Among the incentives on offer: The Chevrolet Silverado 1500, which starts at around $ 29,000, has a decent discount of around $ 4,000 depending on the trim level, Mays said. Starting at around $ 25,000, the Toyota Camry may get a $ 1,000 discount depending on the specifics.

The silver lining for the higher cost of used cars is that trade-ins are worth more. And while there may be little price negotiation for the car you buy, you may be able to get more for your trade-in to lower the amount you pay for.

“There will be potential leeway for consumers with their trade-in,” said Mays of Cars.com. “Consumers should take advantage of these elevated levels and get the most out of them.”
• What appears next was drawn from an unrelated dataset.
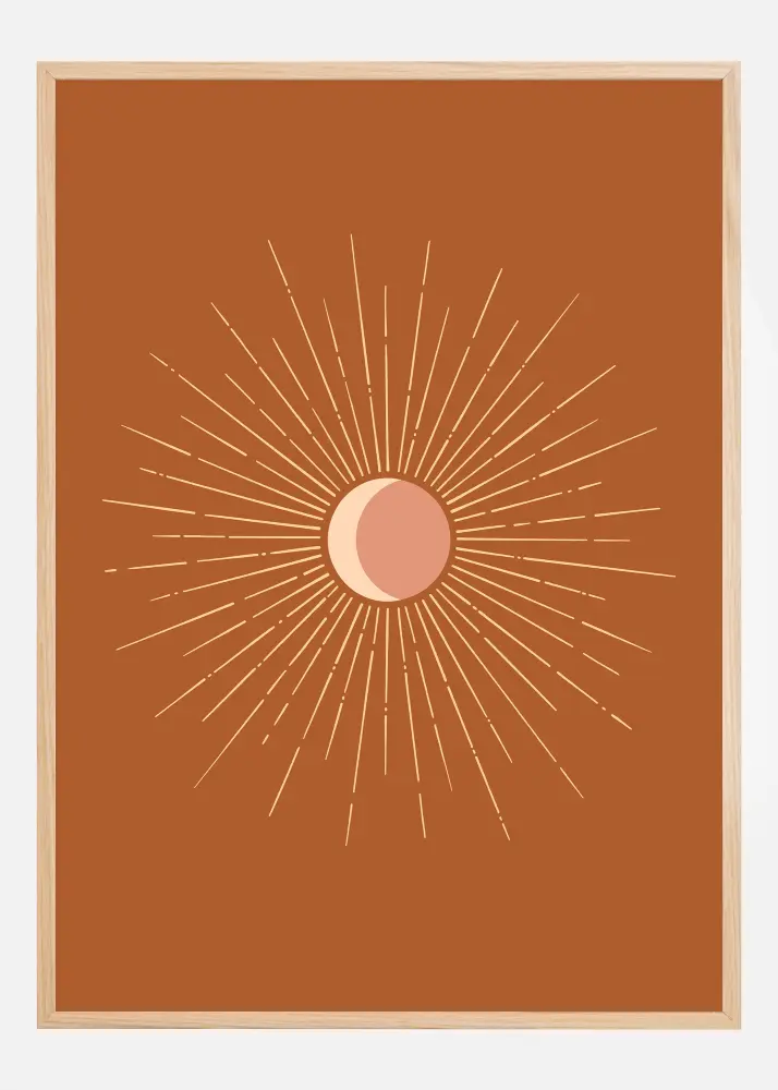 Този минималистичен и елегантно проектиран постер с абстрактно затъмнение на слънцето ще бъде стилен и модерен акцент на всяка стена. Със своите чисти линии и блестящ мотив върху наситен теракотен фон, този печат представлява перфектното смесване между простота и изтънченост. Централният елемент в дизайна, кръг с експлозия от линии, символизира светлина и енергия и добавя динамичен ефект в стаята.

There are other ways you can reduce the cost of your purchase as well. Depending on your credit rating, you might be able to find a 0% (or close to) financing deal on a new car. Otherwise, according to Bankrate, the average interest rate on a five-year new car loan is 4.12%. For a three-year used car loan, it’s 4.42%.

“Buy the interest rate,” said Drury. “Savings can be achieved here.”

If you are picky, this may not be the time to buy. But if you’re open-minded, you’re in a better position.

Ivan Drury

Senior Manager for Insights at Edmunds.com

If you are not paying with cash, you should get pre-approved for a loan from a bank or credit union. While there is no requirement to use pre-approval, you will at least be armed with a settlement if the dealership offers its loan terms.

Note that the longer you extend your loan – for example for 72 or 84 months – in order to be able to afford the monthly payments, the more interest you will pay (unless it is 0%) and the greater the chance that you end up trading in your car for a new one before you pay for it.

And in this scenario, consumers often roll the “negative equity” into the loan for their next car when the trade-in value is less than the value owed on the loan.

If you want a brand new car but can’t find exactly what you want, consider leasing it instead of making a purchase.

“It’s not a long-term commitment … and it could be better than funding something over six years that you don’t like,” said Drury.